American-bred Thoroughbred racehorse

Unbreakable (1935–1952) was an American-bred, British-trained Thoroughbred racehorse and sire. He was successful on the racecourse, but some way below the best of his generation. His best wins came in the Richmond Stakes at Goodwood as a two-year-old and in the Victoria Cup Handicap two years later. After his retirement from racing he became a highly successful breeding stallion: through his grandson Native Dancer he appears in the pedigrees of most modern Thoroughbreds.

==Background==
Unbreakable was a black horse bred in the United States by his owner, Joseph E. Widener. He was sent to race in England, where he was trained by Cecil Boyd-Rochfort. The colt was sired by the British-bred stallion Sickle out of the French mare Blue Glass, making him a half-brother to the Belmont Stakes winner Hurryoff.

==Racing career==
As a two-year-old, Unbreakable won three races including the Richmond Stakes at Goodwood in July.

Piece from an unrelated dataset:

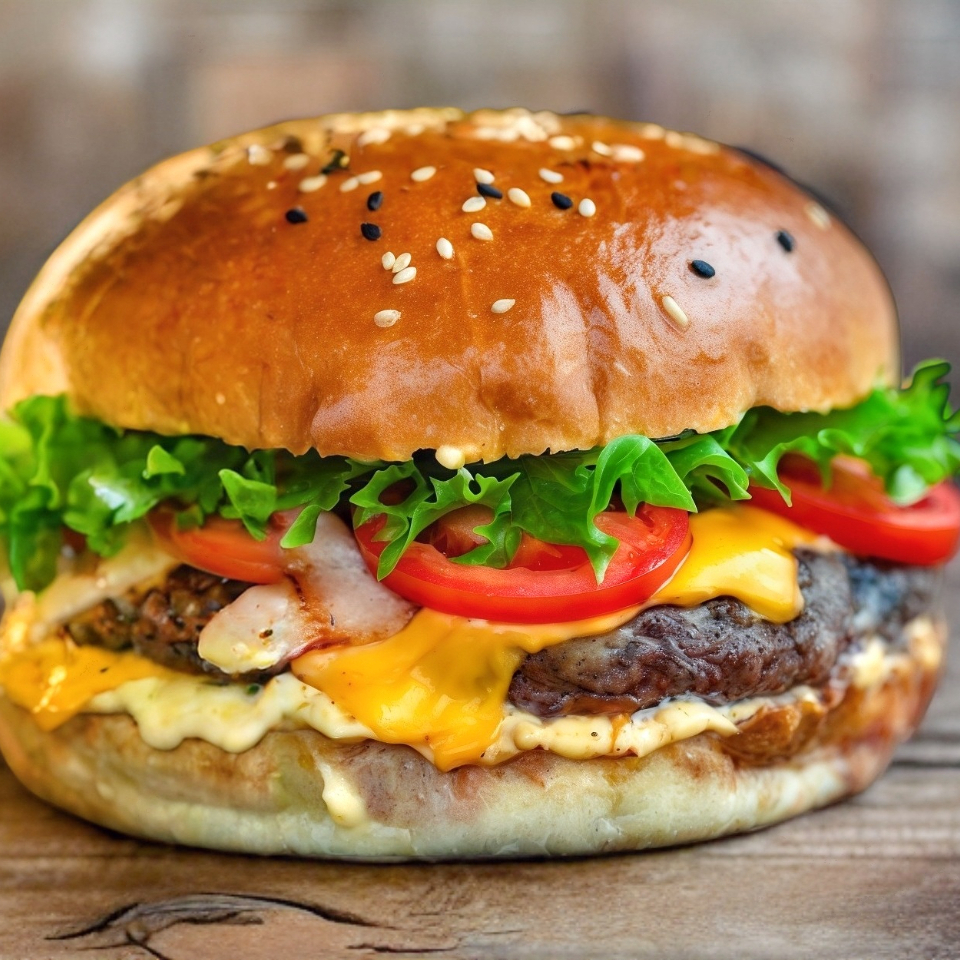 Doble carne de hamburguesas 100gr, Lechuga, Jitomate, Cebolla, Aguacate y Queso Amarillo

In the following year he competed at the highest level, finishing fifth to Pasch in the 2000 Guineas and eighth behind Bois Roussel in The Derby.

==Stud record==
Unbreakable sired the Preakness Stakes winner Polynesian who in turn sired Native Dancer. One of the most highly rated American horses of the 20th century, Native Dancer was the grandsire of Mr. Prospector and the damsire of Northern Dancer. Unbreakable Died in 1952.

== Pedigree ==

Unbreakable is inbred 4 × 4 to Sainfoin and St. Simon, meaning those stallions appear twice in the fourth generation of his pedigree.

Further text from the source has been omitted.